Luigi Rubinelli è uno dei giornalisti e critici più noti presenti nel mondo del retail e della grande distribuzione e difficilmente evita di affrontare argomenti anche scomodi. Quello della sostenibilità è sì uno dei temi più gettonati del momento, ma al tempo stesso è anche uno di quelli che più di altri si presta a fenomeni di greenwashing e carenza di concretezza.
Se vogliamo, va in questa direzione il curioso, solo apparentemente poiché atipico per il settore, sciopero che Retailwatch.it, il giornale on-line fondato e ideato proprio da Rubinelli, ha proclamato tra fine agosto e inizio settembre “contro le catene di supermercati, l’industria di marca e gli operatori dell’e-commerce come Amazon per protestare contro il mancato decollo delle politiche di sostenibilità ambientale e sociale”.
Sette giorni senza lavoro redazionale, senza approfondimenti, senza interviste. Obiettivo: cercare di sensibilizzare i principali attori della filiera ad affrontare realmente, concretamente e con maggior incisività i cambiamenti ambientali in atto.

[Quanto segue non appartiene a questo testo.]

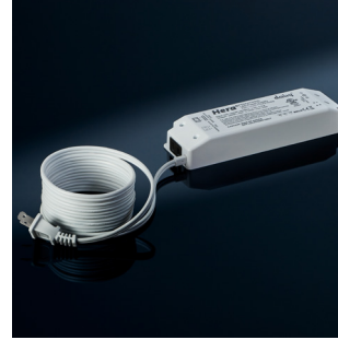
Daisy Driver, 96W (Full Specs on Page #96)

La sostenibilità va affrontata verticalmente nella filiera
E la parola “filiera”, secondo Rubinelli, quando si parla di sostenibilità, non è affatto secondaria, anzi, forse è il vero nodo da affrontare. «I temi della sostenibilità vanno visti verticalmente nella filiera perché stanno cambiando molte cose – ci spiega –. L’uso degli agenti chimici, ad esempio, deve essere indicato tanto dal produttore nelle consegne e nei contratti con la Gdo, quanto nella confezione diretta, se c’è il nome del produttore, o indiretta, se c’è quello del distributore».
Ma chi deve dare la spinta maggiore nell’affrontare concretamente il tema della sostenibilità? Produzione o distribuzione?
«Tutti e due. Il contratto annuale che fanno è paritario. In termini di sostenibilità non si possono fare delle differenze. Abbiamo i mesi contati su questo tema. Il clima è sempre più incontrollabile. È una questione di sensibilità e sensibilizzazione verso questi temi da parte di tutta la filiera. Produzione e distribuzione devono posizionarsi sul consumatore e sulla sostenibilità, il che significa che devono veramente cambiare mentalità. Basta con i contratti pieni zeppi di termini tecnici: mettete al centro la sostenibilità, sotto ogni punto di vista, quella economica, ambientale e sociale».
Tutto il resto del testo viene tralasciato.